Auch das hat man Kaufmann zu verdanken. Den Firmensitz in Wetzlar, 65 Millionen Euro teuer, hat er aus seinem Privatvermögen finanziert, die Firma mietet die Gebäude von ihm. „Ich wollte nicht, dass Leica wieder Kredite aufnehmen muss", erklärt der 60-Jährige.

Blick in die Fabrik

Die Rückkehr nach Wetzlar nützt man, um den Mythos Leica zu hegen und zu pflegen. Es gibt ein großes Besucherareal mit Ausstellungen, einem Kameramuseum und Einblicke in die Produktion. Über drei große Fenster kann man Mitarbeiter sehen, wie sie händisch an den Linsen für die Objektive schleifen, das Leder für Sonderanfertigungen auf die Kameras kleben oder die Sucherkameras verschrauben.

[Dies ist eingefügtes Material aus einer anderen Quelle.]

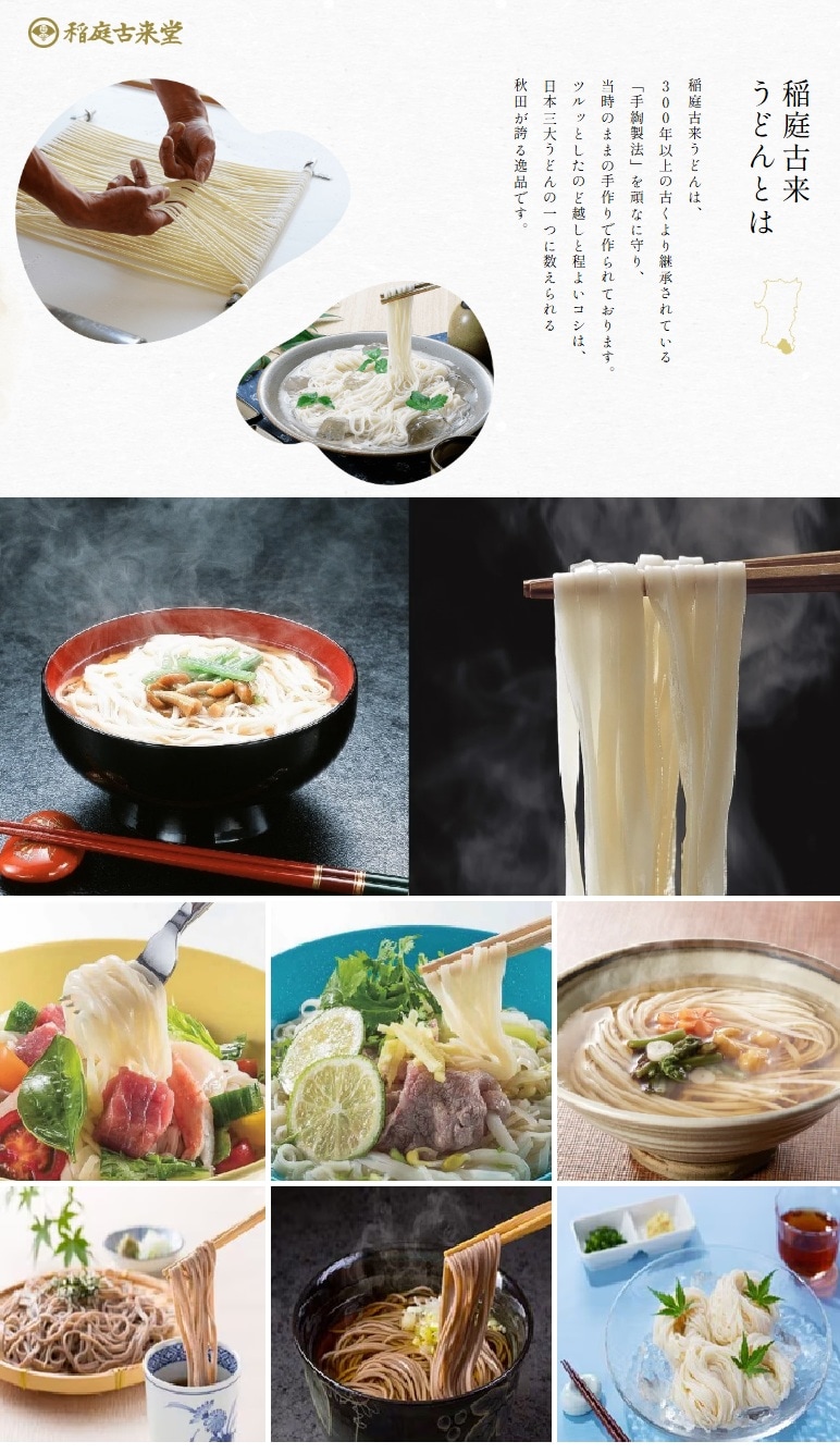 ■伝統製法で作られた『稲庭古来うどん』は、ツルッとしたのど越しと程よいコシに定評があります。

Eine Dauerausstellung zeigt 36 Fotos aus 100 Jahren, jedes mit einer Leica aufgenommen und jedes für sich eine Ikone, wie etwa Elliot Erwitts Hundefoto aus New York. Und weil Erwitt „seit 60 Jahren", wie er selbst sagt, mit Leica fotografiert, hat man ihn zur Feier eingeflogen. Noch immer ist der 86-Jährige ein Mann mit viel Ironie und Witz. Befragt von einer Fernsehjournalistin, warum er mit einer Leica fotografiere, fragt er mit großen Augen: „Oh, gibt es auch noch andere Kameras?"

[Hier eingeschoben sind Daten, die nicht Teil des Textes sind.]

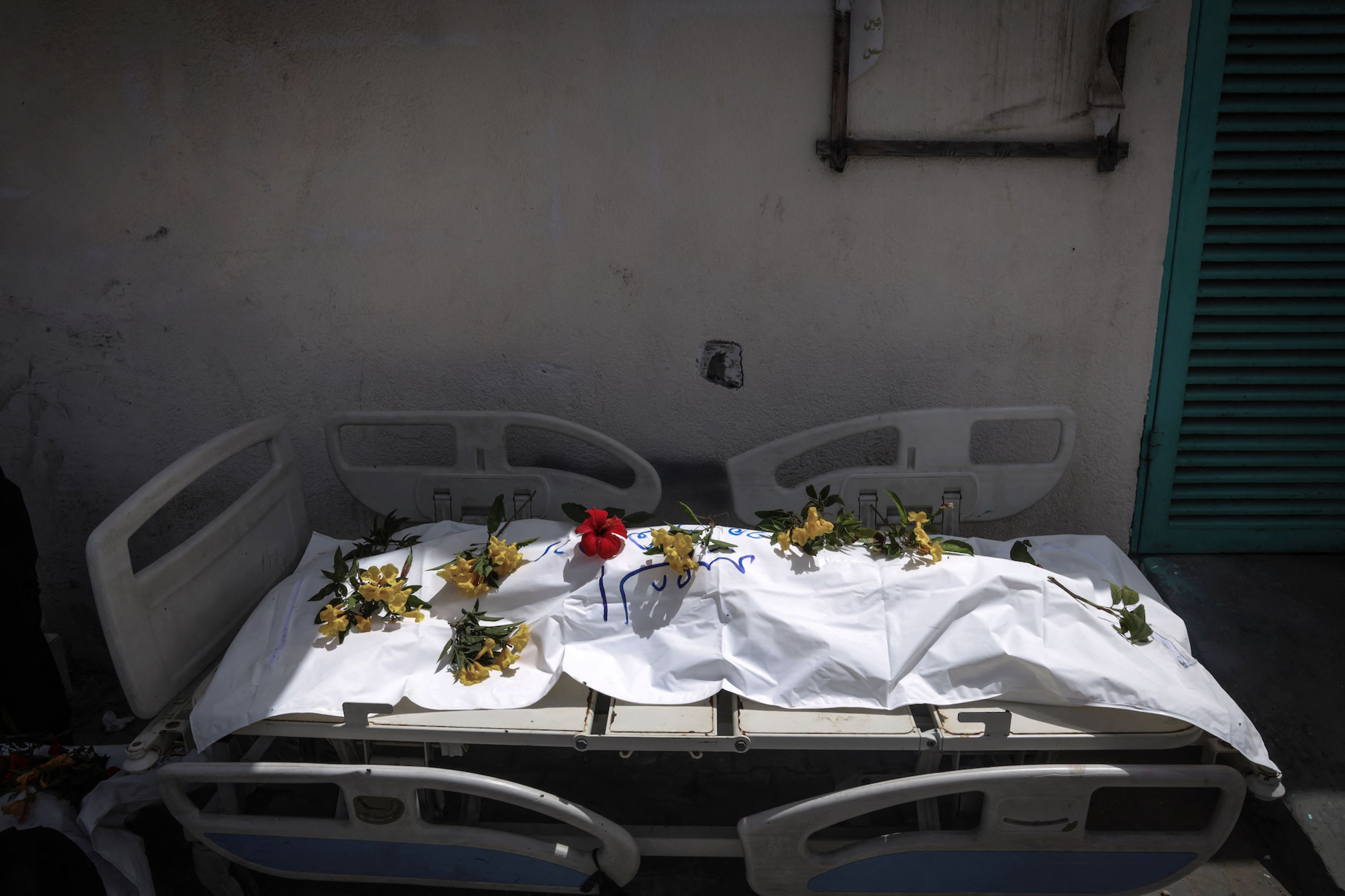 A body unearthed at Nasser Hospital is set on a stretcher and covered with flowers before being buried in Khan Younis, Gaza, on Tuesday, April 23, 2024. Nearly 400 bodies have been found in mass graves at the hospital following Israeli troops' withdrawal from the area earlier this month, the Palestinian Civil Defense in Gaza said on Thursday. The Israel Defense Forces has said any suggestion that it buried Palestinian bodies in mass graves was false, and that a grave at the Nasser complex was dug by Palestinians in Gaza some months ago. (Photo by AFP Photo/Stringer)

Für viele Sammler offenbar nicht. Freitagnachmittag versteigerte das Wiener Auktionshaus Westlicht spezielle Leica-Kameras und Originalabzüge berühmter Fotos, die mit Leicas gemacht wurden. Die Auktion in Wetzlar brachte mehrere Millionen Euro ein.

Auch Wetzlar hat sich zum Geburtstag von Leica etwas einfallen lassen. Eine Inschrift auf dem Boden der Altstadt markiert den Ort, an dem Barnack vor 100 Jahren „das erste Leica-Foto" aufgenommen hat. Man ahnt, dass Leicas Rückkehr wichtig für die finanziell schwache Stadt ist: Das Motiv unterscheidet sich heute nur wenig von dem, was Barnack festhielt.